Design
After the 6600 started to near production quality, Cray lost interest in it and turned to designing its replacement. Making a machine "somewhat" faster would not be too difficult in the late 1960s; the introduction of integrated circuits allowed for denser packing of components, and in turn a high clock speed. Transistors in general were also getting somewhat faster as the production processes and quality improved. However these sorts of improvements might be expected to make a machine twice as fast, perhaps as much as five times, but not the tenfold increase he demanded. Likewise the 6600 already had a hard time filling its existing ten functional units, so simply adding more parallelism wouldn't help all that much.

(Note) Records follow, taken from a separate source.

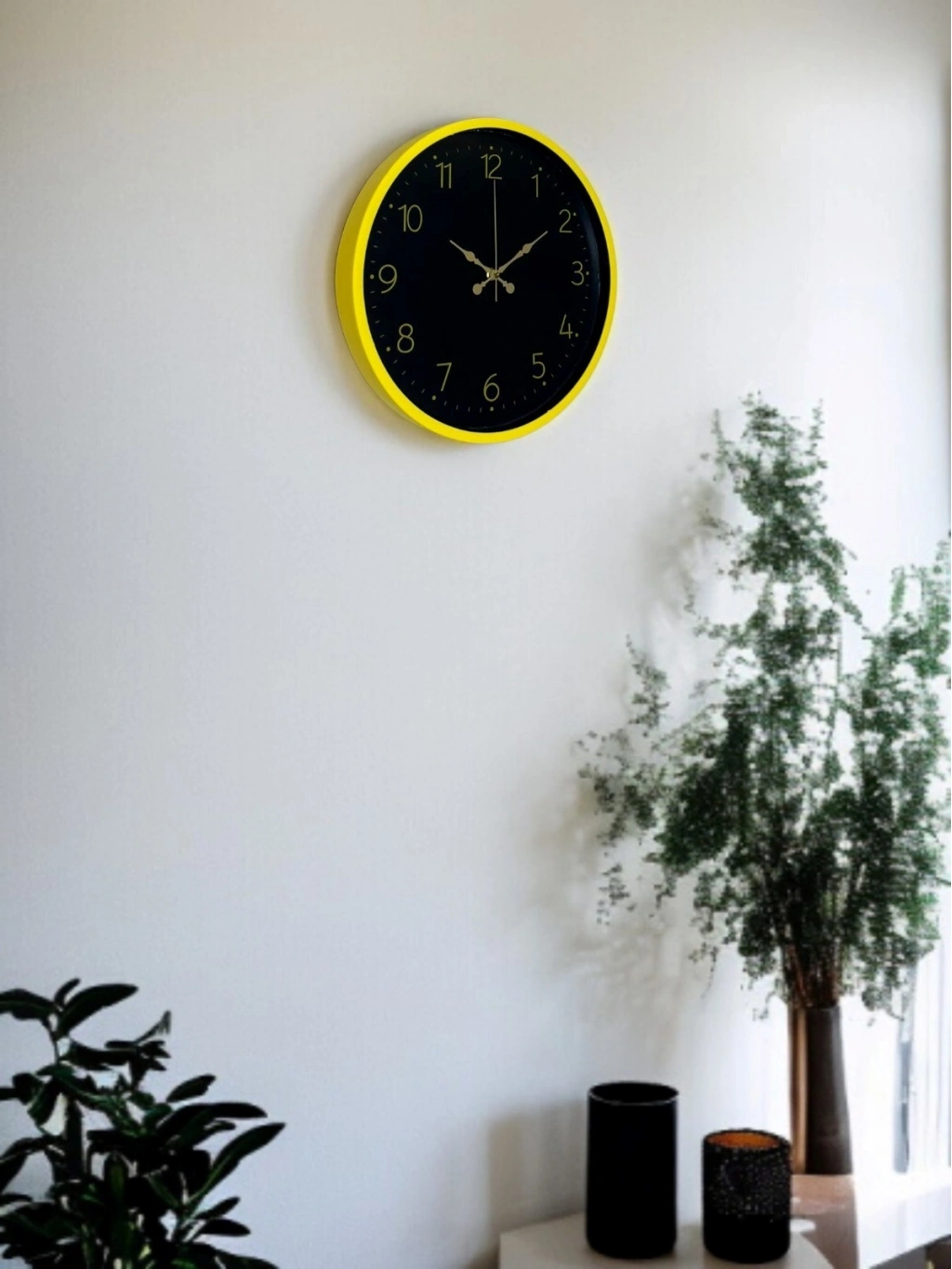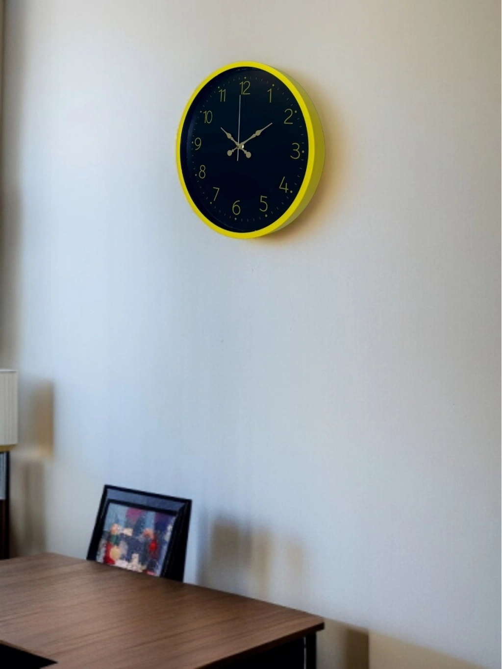 Canlı sarı çerçevesi ve koyu renk kadran tasarımıyla öne çıkan bu 36 cm duvar saati, bulunduğu ortama enerji ve modern bir karakter kazandırır. Altın tonlu rakamları ve kontrastlı kadran yapısı sayesinde saati uzaktan bile rahatlıkla okumak mümkündür.
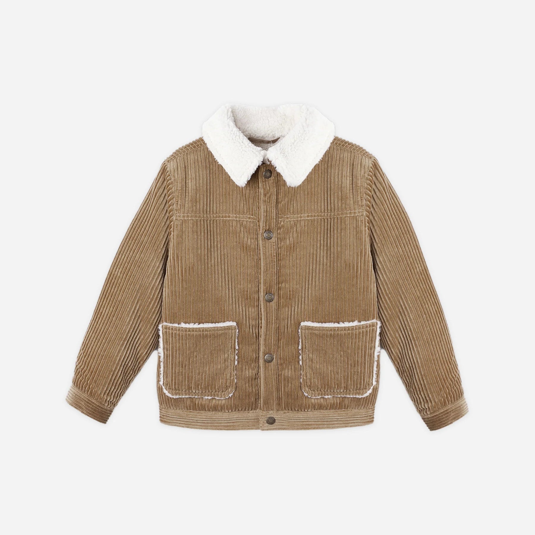 Our Corduroy Jacket brings warmth and classic style to chilly days. Designed with a cozy shearling collar, functional front pockets, and finished with brass shank buttons down the front.
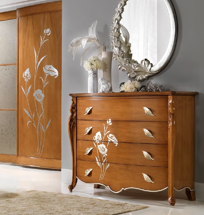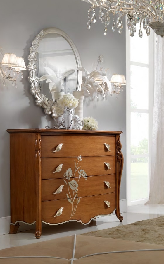 Demander prix Produits similairesCOSE DE DES TIROCHES CLASSIQUE, avec une structure en bois enrichie de sculptures. Poignées en argent. Équipé de 4 tiroirs.
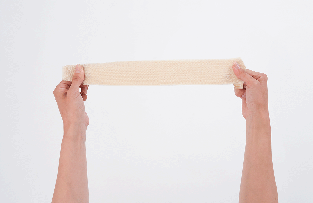 サポーターにおいて「固定力」はもちろん大事ですが、私たちは「フィットし馴染んでくれる感覚」というのも非常に重要だと考えました。幅約5.5cm、薄さ約0.5cmのゴム繊維はサポート感がありながらも、伸縮性に優れ、手首の凹凸にフィットするようになっています。
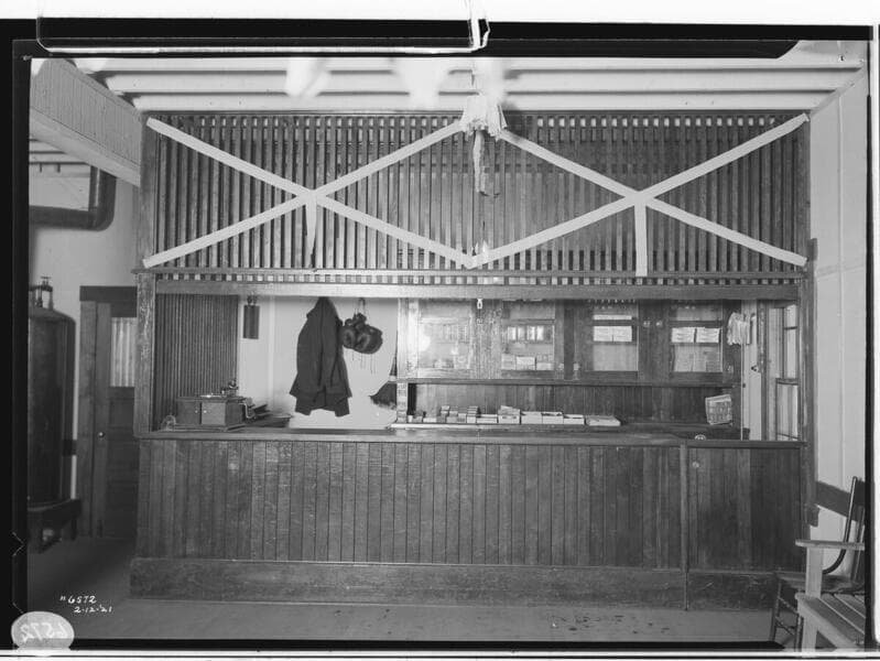 Big Creek, San Joaquin & Eastern Railroad - [Editor's party on SJ&E Railway, SJ&E passenger car 501, rail yard, construction work on railroad, Cascada Station; Auberry - machine shop, mess hall, commissary, & penstock staging area; Cascada - mail room, school house, commissary, mess hall after fire, gas tanks, offices, hospital, recreation hall, warehouse, dormitory, tennis court, boxing match, pole treating plant, building tunnel dump cars, building concrete gun pipes, dance party, laundry room, cookhouse, & 2 story bunkhouse; Camp 38 hospital; Clovis - cottages, water tanks, & sawmill; Sled Dog Team, and horse drawn sleds; Camp 62 - Telegraph room; Camp 63 radio equipment; Camp 3 radio room]
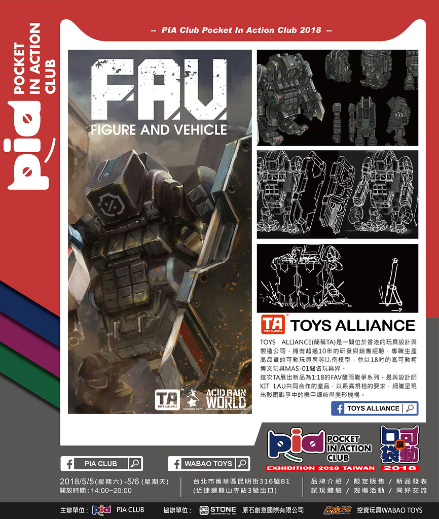 以「Mega Action」18吋巨大變形金剛系列聞名的「Toys Alliance」,這次帶來了全新系列「FAV Figure And Vehicle」! 這是與「Acid Rain酸雨戰爭」合作的全新組合,比例為1/18,現場有重裝人型機甲首次曝光,與粉絲怨念已久的摩托車、砲車與南瓜車試模!
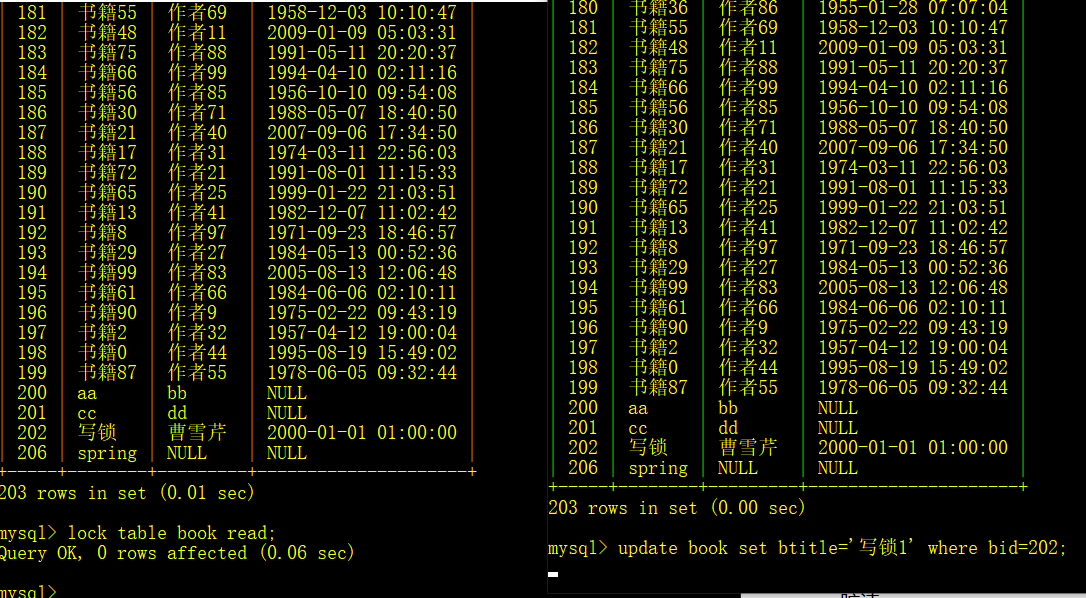 1.LOCK TABLE book READ -> 其他会话只能读也不能写

In order to solve this problem, Cray turned to the concept of an instruction pipeline. While the 6600 could work on several instructions at once, it had to wait for any one to complete its trip through a functional unit before moving on to the next. For some period of time, the majority of the circuitry in any one unit was not being used. A pipeline improves on this by feeding in the next instruction before the first has completed, thereby having each unit effectively work in "parallel", as well as the machine as a whole. The improvement in performance generally depends on the number of steps the unit takes to complete, for instance, the 6600's multiply unit took 10 cycles to complete an instruction, so by pipelining the units it could be expected to gain about 10 times the speed.
Things are never that simple, however. Pipelining requires that the unit's internals can be effectively separated to the point where each step of the operation is running on completely separate circuitry. This is rarely achievable in the real world. Nevertheless, the use of pipelining on the 7600 improved performance over the 6600 by a factor of about 3.
As always, Cray's design also focussed on packaging to reduce size, shorten signal paths, and thereby increase operating frequency. For the 7600 each circuit module actually consisted of up to six PC boards, each one stuffed with subminiature resistors, diodes, and transistors. The six boards were stacked up and then interconnected along their edges, making for a very compact, but basically unrepairable module.
However the same dense packing also led to the machine's biggest problem—heat. For the 7600, Cray once again turned to his refrigeration engineer, Dean Roush, formerly of the Amana company. Roush added an aluminum plate to the back of each side of the cordwood stack, which were in turn cooled by a liquid freon system running through the core of the machine. Since the system was mechanical and therefore prone to failure, the 7600 was redesigned into a large "C" shape to allow access to the modules on either side of the cooling piping by walking into the inside of the C and opening the cabinet.